Because that is the danger for the Chromium forks too - that nobody will bother with their forked store.
Ironically Firefox killed their extension API to be compatible with Chrome's extensions. Now they probably don't want to be compatible with the new Chrome API.
As well as to expose a stable extension API (no more XUL extensions breaking randomly on every browser update) and to enforce any sort of security boundary/permissions system.
Its sad to lose DownThemAll and the plethora of othwr XUL extensions, but having performant multicore support is critical given the shift to having many cores (as single thread performance improvements become uncommon).
I recently used the webRequest API in Firefox and it is already more robust than the Chrome equivalent. For example, you can write stream filters to process request responses. No so in Chrome, where you have no such capability.
Each browser such as Vivaldi, Brave, Opera has to implement their own app store just to host the old-API ad-blockers. And implementing such a store is a major feat. And the walled garden strikes again.
They should team up for the good of all, and create a communally owned fork of Chromium that they all contribute to, and a marketplace. That way the ensure their ecosystem can thrive outside of Google's kingdom.
Isn’t one of Brave’s main selling points that it itself is an ad blocker and doesn’t require a third party extension? Something about removing ads from pages before they even make http requests.
Walled gardens for extensions is also a big problem. Maybe web browsers will finally be forced to give up that control because of all this. Personally I would like at least user freedom to choose extension stores for themselves.
Business-wise, I would love to own an app store, and exercise control, and (eventually) cut myself in as the middleperson on for-pay software sold through it, as well as paid placements and ads.
The reason that no browser does this is because that's the easiest way to go from "some sites are broken in this browser because no webdevs care to test with it" to "many sites are broken in this browser because webdevs deliberately go out of their way to break it". It's the nuclear option that a browser like Firefox would only go for (in the climate of the current web) if things got truly desperate for them. It's why, for example, Firefox didn't start blocking third-party cookies until Safari did it first: it gave them political cover to do so (and Safari can do whatever it wants because it's the only game in town on iOS).

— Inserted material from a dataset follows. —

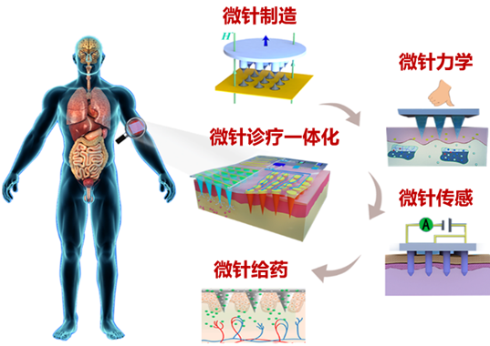 课题组立足于医学与微纳制造多/交叉学科,致力于微针阵列结构与器件智造研究,系统构建微针阵列结构主动制造微针阵列穿刺力学优化微针阵列诊疗(传感与给药)器件研制可穿戴电子设备开发的全链条研究体系,解决微针制造、微针穿刺、微针传感、微针给药、微针诊疗一体化等领域的科学问题/技术瓶颈,实现临床转化。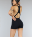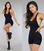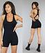 Dieser schwarze Playsuit ist aus einem festen, dehnbaren Stoff gefertigt. Der Playsuit hat einen offenen Rücken und ein tiefes Dekolleté. Der Playsuit enthält herausnehmbare Polster, die das Tragen eines BHs überflüssig machen.

I hadn't considered the ramifications to extension distribution. If Google's Chrome extension store chooses to not host extensions that use the webRequest API, other Chromium-based browsers will need to maintain their own extension stores or users will start installing unvetted extensions from shady third-party websites.
The problem is distribution of the actual extensions, as Vivaldi kinda pointed out, as the other browsers mostly rely on the Chrome Extension store. If Google really decides to pull the plug here they could start rejecting extensions using the old, removed-from-Chrome APIs. And then what? Each browser such as Vivaldi, Brave, Opera has to implement their own app store just to host the old-API ad-blockers. And implementing such a store is a major feat. And the walled garden strikes again.
Vivaldi already indicated they might create a "limited" store, meaning not a real store open to the public, but one where they list hand-picked old-API extensions such as ublock origin. Of course, innovation is still stiffed as you in such a "chrome-store + limited vendor store" scenario cannot just develop new extensions using the old-API because you'd have no chance of getting listed in the chrome store, and essentially no chance in the hand-picked limited vendor ones.